=== Data to use ===

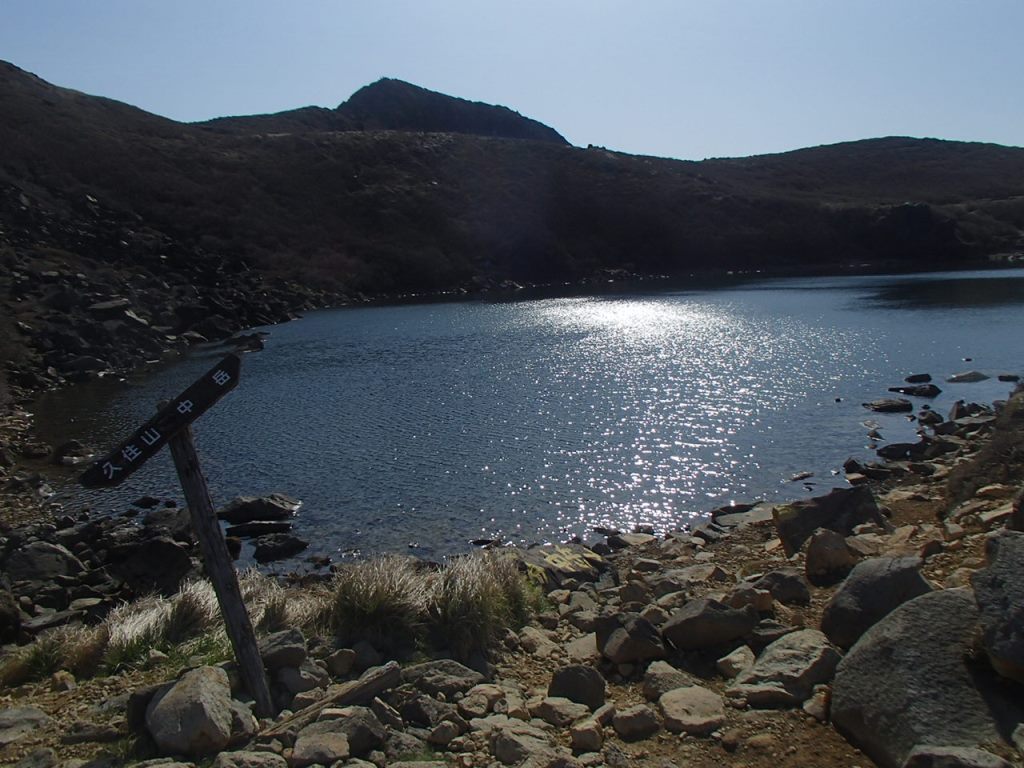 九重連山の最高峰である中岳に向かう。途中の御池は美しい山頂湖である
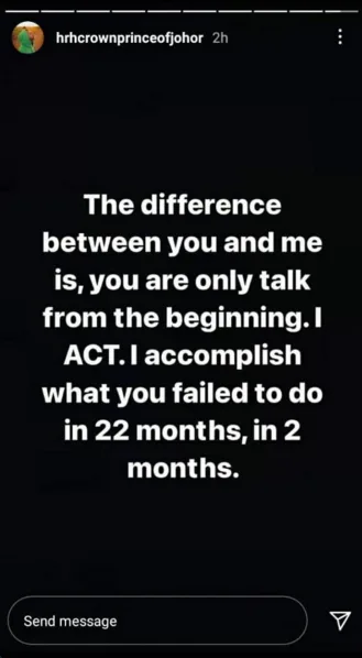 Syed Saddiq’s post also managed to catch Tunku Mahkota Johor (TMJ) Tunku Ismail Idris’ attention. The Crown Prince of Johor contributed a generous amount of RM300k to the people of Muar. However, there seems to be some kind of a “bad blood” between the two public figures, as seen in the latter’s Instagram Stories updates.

===
=== Data to use ===

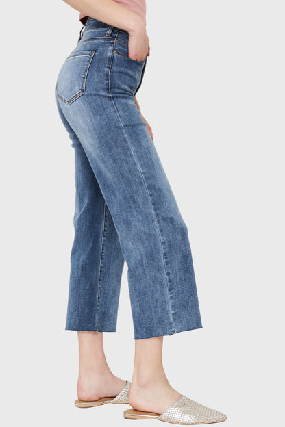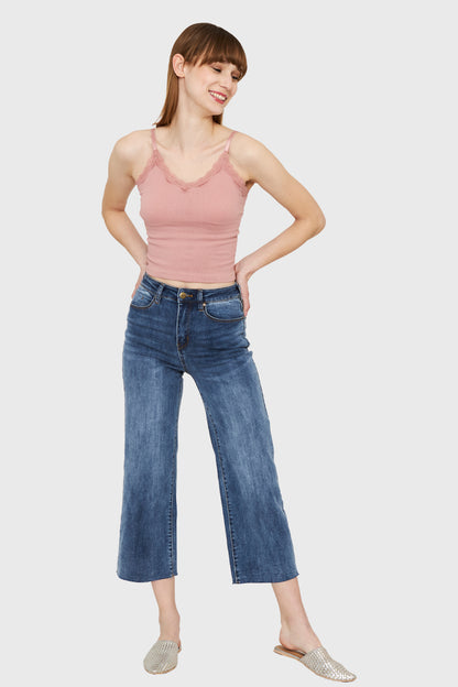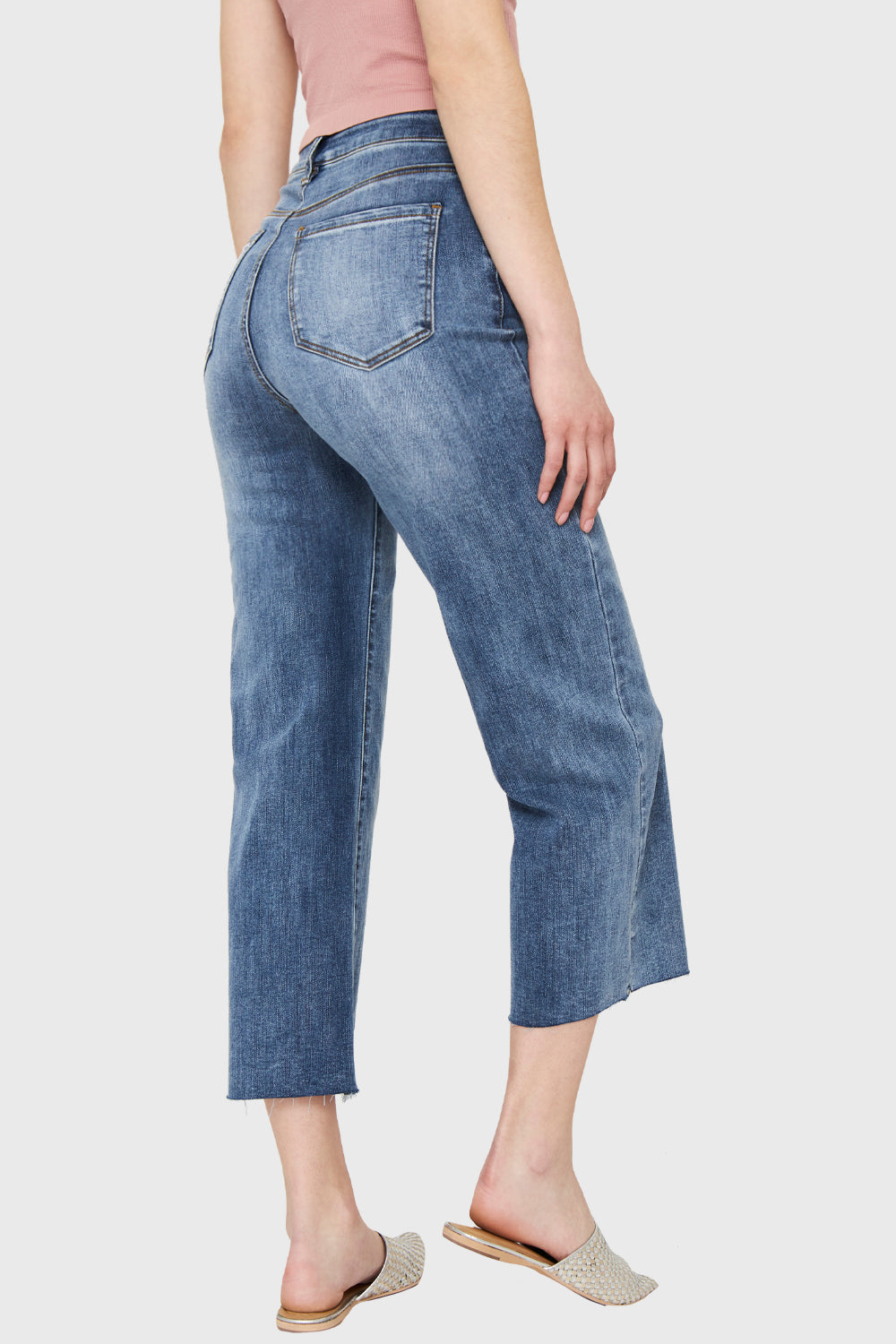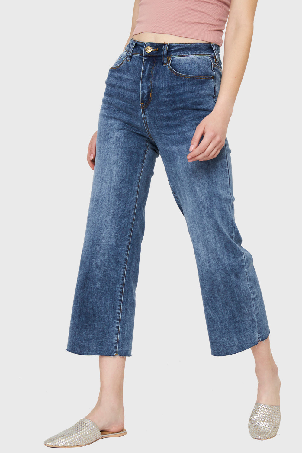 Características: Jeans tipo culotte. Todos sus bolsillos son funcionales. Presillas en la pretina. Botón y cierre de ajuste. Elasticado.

===
=== Data to use ===

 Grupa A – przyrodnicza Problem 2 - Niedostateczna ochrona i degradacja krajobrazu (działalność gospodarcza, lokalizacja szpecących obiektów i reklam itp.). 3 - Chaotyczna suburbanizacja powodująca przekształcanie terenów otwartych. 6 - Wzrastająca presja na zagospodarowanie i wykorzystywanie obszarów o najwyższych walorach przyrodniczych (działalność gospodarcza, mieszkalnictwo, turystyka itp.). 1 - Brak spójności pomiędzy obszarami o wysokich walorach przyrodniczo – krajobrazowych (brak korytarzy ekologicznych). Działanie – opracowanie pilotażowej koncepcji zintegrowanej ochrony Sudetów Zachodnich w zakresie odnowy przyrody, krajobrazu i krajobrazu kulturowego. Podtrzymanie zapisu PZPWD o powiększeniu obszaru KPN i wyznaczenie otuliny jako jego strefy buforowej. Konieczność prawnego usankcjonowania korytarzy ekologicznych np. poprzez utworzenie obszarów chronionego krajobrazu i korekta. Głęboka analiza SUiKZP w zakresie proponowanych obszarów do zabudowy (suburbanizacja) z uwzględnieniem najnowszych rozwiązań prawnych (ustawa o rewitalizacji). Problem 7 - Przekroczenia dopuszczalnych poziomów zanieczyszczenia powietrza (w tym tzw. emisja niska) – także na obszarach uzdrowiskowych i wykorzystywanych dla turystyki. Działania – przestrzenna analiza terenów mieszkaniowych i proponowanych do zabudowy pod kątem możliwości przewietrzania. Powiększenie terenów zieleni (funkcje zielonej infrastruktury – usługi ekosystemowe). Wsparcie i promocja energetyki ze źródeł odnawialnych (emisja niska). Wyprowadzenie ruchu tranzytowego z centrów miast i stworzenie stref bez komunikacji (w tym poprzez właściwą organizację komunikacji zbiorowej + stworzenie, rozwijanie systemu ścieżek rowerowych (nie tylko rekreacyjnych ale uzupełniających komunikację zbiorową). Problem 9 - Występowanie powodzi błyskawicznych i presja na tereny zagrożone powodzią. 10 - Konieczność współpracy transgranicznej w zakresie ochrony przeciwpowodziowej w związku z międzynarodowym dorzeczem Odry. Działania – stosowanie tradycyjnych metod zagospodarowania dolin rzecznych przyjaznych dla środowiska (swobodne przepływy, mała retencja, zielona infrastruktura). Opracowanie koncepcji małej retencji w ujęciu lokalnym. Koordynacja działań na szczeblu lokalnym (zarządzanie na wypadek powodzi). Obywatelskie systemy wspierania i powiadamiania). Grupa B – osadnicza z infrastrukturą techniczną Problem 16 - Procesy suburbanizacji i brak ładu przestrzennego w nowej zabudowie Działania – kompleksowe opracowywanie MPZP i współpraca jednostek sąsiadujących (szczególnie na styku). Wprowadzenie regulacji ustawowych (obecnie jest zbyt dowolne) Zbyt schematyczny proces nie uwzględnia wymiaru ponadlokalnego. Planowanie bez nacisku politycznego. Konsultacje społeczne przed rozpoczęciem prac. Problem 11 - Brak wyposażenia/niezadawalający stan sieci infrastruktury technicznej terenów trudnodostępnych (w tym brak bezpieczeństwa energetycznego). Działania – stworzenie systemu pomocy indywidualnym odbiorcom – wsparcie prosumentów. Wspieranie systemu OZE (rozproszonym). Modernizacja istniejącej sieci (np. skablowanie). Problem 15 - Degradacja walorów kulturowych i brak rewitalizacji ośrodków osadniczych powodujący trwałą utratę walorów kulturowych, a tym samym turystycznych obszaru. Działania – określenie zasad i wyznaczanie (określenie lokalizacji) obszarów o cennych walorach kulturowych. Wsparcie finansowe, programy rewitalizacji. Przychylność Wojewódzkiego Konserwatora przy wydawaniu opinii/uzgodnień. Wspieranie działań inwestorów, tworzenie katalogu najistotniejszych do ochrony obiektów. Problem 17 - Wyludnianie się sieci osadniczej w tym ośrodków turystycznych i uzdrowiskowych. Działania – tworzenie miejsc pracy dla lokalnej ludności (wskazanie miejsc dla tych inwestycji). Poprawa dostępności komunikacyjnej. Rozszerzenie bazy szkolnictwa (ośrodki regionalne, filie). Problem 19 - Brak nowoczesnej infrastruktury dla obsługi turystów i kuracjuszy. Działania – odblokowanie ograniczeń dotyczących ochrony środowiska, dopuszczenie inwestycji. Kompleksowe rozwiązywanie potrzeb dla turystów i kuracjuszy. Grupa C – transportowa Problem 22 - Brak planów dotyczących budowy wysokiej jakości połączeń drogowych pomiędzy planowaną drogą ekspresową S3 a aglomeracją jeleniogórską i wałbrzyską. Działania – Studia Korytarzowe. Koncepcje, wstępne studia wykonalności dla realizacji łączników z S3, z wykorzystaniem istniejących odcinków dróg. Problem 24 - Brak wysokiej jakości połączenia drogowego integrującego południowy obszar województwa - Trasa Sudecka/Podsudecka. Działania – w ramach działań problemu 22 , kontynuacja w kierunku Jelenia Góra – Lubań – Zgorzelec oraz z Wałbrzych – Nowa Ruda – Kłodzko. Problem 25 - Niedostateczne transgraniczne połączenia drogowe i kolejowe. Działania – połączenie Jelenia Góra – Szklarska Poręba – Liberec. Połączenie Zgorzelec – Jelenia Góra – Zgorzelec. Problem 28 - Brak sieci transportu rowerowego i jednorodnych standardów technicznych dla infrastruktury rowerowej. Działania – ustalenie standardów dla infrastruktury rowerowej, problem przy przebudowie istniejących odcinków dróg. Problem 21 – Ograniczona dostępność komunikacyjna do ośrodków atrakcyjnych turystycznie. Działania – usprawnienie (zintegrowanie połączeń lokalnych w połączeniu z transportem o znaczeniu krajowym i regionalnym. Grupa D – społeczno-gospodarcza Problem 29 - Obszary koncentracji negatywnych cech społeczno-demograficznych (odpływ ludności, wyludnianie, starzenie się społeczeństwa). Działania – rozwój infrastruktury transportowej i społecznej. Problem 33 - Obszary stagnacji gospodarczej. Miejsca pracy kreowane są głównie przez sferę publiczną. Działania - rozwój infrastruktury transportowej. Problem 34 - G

===

• **Task requirements**
Would you copy out, exactly and with no pictures, only the lines above from the one that contains "九重連山の最高峰である中岳に向かう。途中の御池は美しい山頂湖である" through the one that contains "Syed Saddiq’s post"?

• **Your response**
 九重連山の最高峰である中岳に向かう。途中の御池は美しい山頂湖である
 Syed Saddiq’s post also managed to catch Tunku Mahkota Johor (TMJ) Tunku Ismail Idris’ attention. The Crown Prince of Johor contributed a generous amount of RM300k to the people of Muar. However, there seems to be some kind of a “bad blood” between the two public figures, as seen in the latter’s Instagram Stories updates.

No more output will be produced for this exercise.